Tue Sep 13 10:21:57 EDT 2016

Sebastian Berg writes:

> On Di, 2016-09-13 at 15:02 +0200, Lluís Vilanova wrote:
>> Hi! I'm giving a shot to issue #3184 [1], based on the observation
>> that the
>> string dtype ('S') under python 3 uses byte arrays instead of unicode
>> (the only
>> readable string type in python 3).
>> 
>> This brings two major problems:
>> 
>> * numpy code has to go through loops to open and read files as binary
>> data to
>>   load text into a bytes array, and does not play well with users
>> providing
>>   string (unicode) arguments
>> 
>> * the repr of these arrays shows strings as b'text' instead of
>> 'text', which
>>   breaks doctests of software built on numpy
>> 
>> What I'm trying to do is make dtypes 'S' and 'U' equivalnt
>> (NPY_STRING and
>> NPY_UNICODE).
>> 
>> Now the question. Keeping 'S' and 'U' as separate dtypes (but same
>> internal
>> implementation) will provide the best backwards compatibility, but is
>> more
>> cumbersome to implement.

> I am not sure how that can be possible. Those types are fundamentally
> different in how they store their data. String types use one byte per
> character, unicode types will use 4 bytes per character.
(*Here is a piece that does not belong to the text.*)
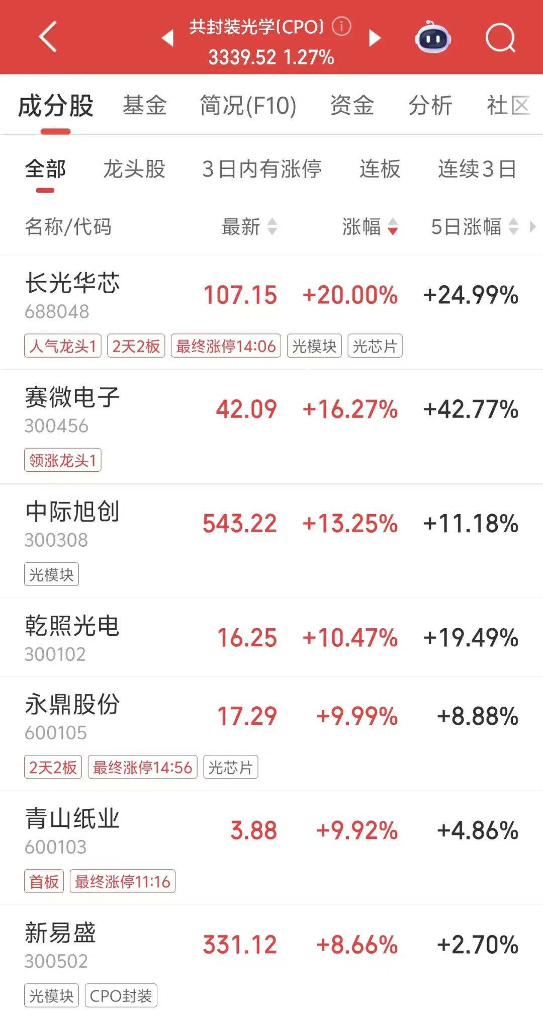 今日午后,CPO概念股持续走强。长光华芯“20CM”涨停,赛微电子涨超16%;永鼎股份下午开盘后秒涨停,13:49开始高位震荡,盘中多次打开涨停板,尾盘封涨停。

You can maybe
> default to unicode in more cases in python 3, but you cannot make them
> identical internally.

BTW, by identical I mean having two externally visible types, but a common
implementation in python 3 (that of NPY_UNICODE).

The as-sane but not backwards-compatible option (I'm asking if this is
acceptable) is to only retain 'S' (NPY_STRING), but with the NPY_UNICODE
implementation, and making 'U' (and np.unicode_) and alias for 'S' (and
np.string_).

Cheers,
  Lluis